#### [TO DO]
The first line of the data below and every line after it, through the one with "При покупке 65", must be transcribed without change.

Items listed in a dataset:
::::::

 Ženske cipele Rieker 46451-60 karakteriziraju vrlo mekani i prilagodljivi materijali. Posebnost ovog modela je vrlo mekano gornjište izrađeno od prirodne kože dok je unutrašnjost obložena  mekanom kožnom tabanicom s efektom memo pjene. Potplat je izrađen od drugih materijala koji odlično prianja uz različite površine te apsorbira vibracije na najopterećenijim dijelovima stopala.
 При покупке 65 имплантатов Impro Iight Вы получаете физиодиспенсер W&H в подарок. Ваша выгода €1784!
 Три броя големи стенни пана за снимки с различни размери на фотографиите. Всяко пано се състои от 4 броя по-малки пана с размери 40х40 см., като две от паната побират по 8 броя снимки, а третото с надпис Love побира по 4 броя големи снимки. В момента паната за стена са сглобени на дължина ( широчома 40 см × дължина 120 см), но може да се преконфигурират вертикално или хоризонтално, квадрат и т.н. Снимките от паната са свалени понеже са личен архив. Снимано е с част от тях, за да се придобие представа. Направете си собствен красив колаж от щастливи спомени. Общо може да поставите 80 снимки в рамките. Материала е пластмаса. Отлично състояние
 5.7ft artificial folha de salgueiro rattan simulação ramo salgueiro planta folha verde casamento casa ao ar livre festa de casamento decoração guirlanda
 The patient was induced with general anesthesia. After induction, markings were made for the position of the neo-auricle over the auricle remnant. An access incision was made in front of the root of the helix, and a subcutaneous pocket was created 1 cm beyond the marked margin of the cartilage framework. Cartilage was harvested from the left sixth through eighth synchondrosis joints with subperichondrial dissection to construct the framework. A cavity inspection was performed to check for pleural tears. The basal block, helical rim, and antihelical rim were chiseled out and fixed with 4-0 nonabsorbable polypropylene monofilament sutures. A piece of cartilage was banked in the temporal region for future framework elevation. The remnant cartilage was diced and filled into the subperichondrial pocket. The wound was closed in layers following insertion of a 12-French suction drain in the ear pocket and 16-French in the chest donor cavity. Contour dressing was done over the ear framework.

::::::

#### [COMPLETED TASK]
 Ženske cipele Rieker 46451-60 karakteriziraju vrlo mekani i prilagodljivi materijali. Posebnost ovog modela je vrlo mekano gornjište izrađeno od prirodne kože dok je unutrašnjost obložena  mekanom kožnom tabanicom s efektom memo pjene. Potplat je izrađen od drugih materijala koji odlično prianja uz različite površine te apsorbira vibracije na najopterećenijim dijelovima stopala.
 При покупке 65 имплантатов Impro Iight Вы получаете физиодиспенсер W&H в подарок. Ваша выгода €1784!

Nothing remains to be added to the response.